How not to publish an excavation

I’m still (10:30am) in the West Room in Cambridge University Library, where I have been working on Vermaseren’s The excavations in the Mithraeum of the church of Santa Prisca.  The objective is to obtain an image of the inscription said to record that Mithras “saved” people by the shedding of the eternal blood, not least in order to see if it actually says any such thing.

Despite what the Google books preview might suggest, the book itself is a big heavy volume of large size.  It’s a shock to be reminded of how unwieldy a paper book can be, compared to a PDF.

There are terminals here, quite close together, which is fortunate.  The photocopiers are incredible – they’ve bolted on a scanner facility.  But… the interface is pretty hostile.  So I scan the image, then go back to the terminal to see if it came out OK.  I had to move terminals once, thanks to a chap with bad breath who came into this empty room and sat plumb next to me!

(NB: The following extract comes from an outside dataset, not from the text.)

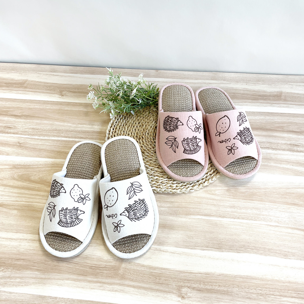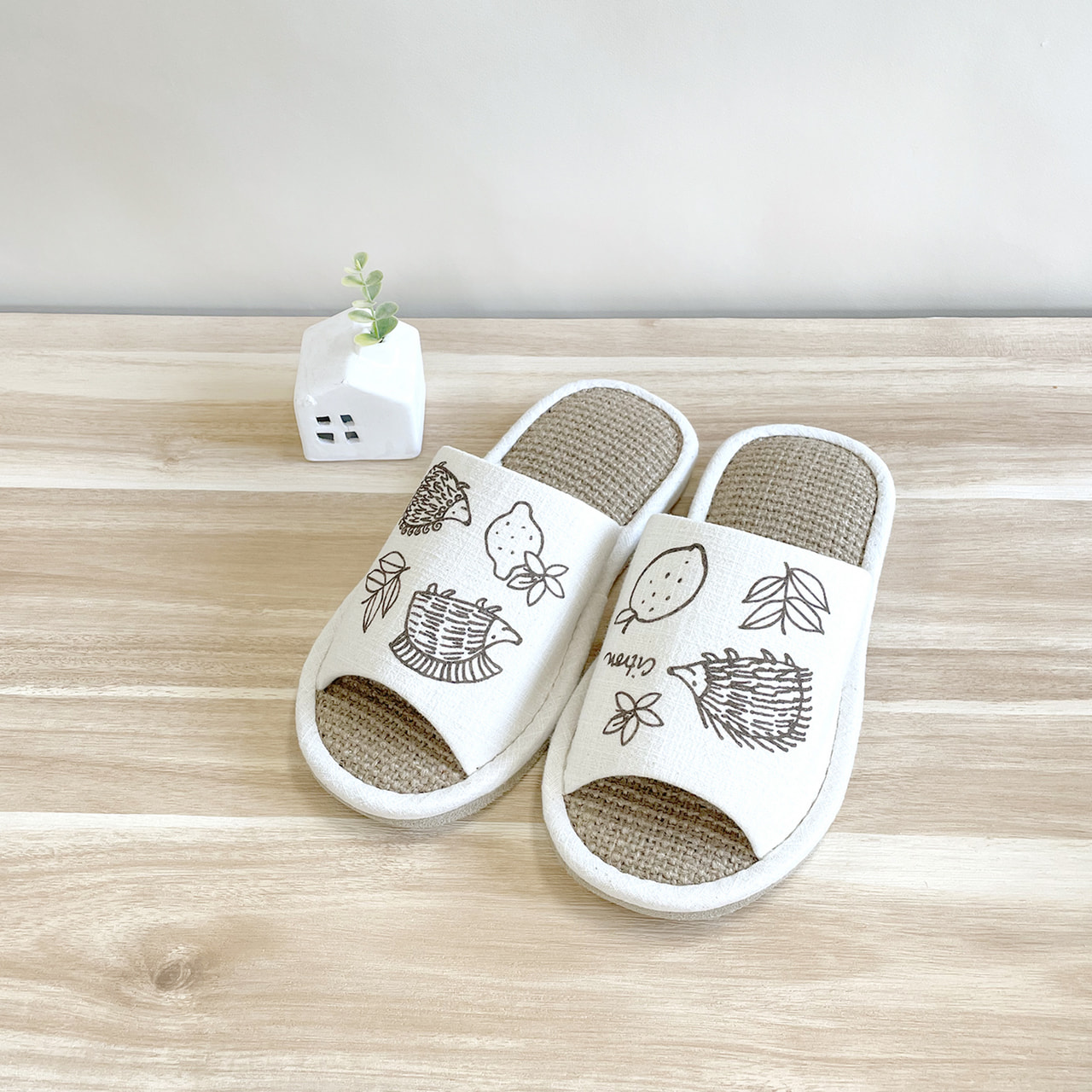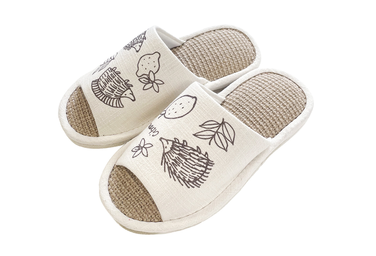 爽やかレモンとはりねずみのプリントスリッパ。
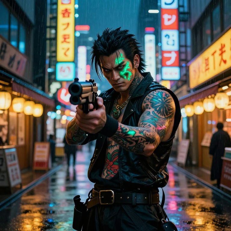 In this vivid cyberpunk scene, a Japanese Yakuza figure stands prominently in the foreground, his face and body adorned with intricate tattoos that glow under neon lights. He holds a futuristic, high-tech gun pointed straight ahead, exuding a menacing presence. The background is a bustling street in Tokyo, illuminated by vibrant neon signs that cast a neon glow on the rainy streets. Traditional Japanese shops line the street, their wooden facades adding a touch of authenticity to the futuristic setting. The overall composition is dynamic, with the Yakuza figure positioned centrally, his tattoos and gun creating a focal point. The interplay of colors, from the cool blues and greens of the tattoos to the warm yellows and oranges of the neon lights, creates a visually striking contrast. The rain adds a sense of movement and depth, enhancing the cyberpunk atmosphere.

I’m disappointed with Vermaseren’s book.  The first question I have is as to where the inscription appears in the Mithraeum.  This I cannot determine.  The book is filled with waffle.  The nearest I can come is that there are two levels of paintings around the walls of the Mithraeum, an upper and a lower layer, and the inscriptions relate to the lower layer.  That’s not really very good.  Nor can I gain any overview of the layout from his book, because he dives into detail instead.

Hum.

The upper layer consists of pictures of people, full length, walking toward the Mithras figure at one end.  These have names above them – “Nama Gelasius Leoni”, etc.  The lower layer seems to be similar stuff.  But… where oh where are the verse inscriptions located?

The plate is not very good.  It’s fine for what it is; but it is monochrome, and consequently everything is a jumble.  I’ve tried several times scanning at 600 dpi, and it won’t get any better than I have.  I’ll get this online, tho, for what it is.

It’s now 11am.  I think I’ve had enough of Vermaseren’s effusion.  Time to walk into Cambridge and get away from it for an hour.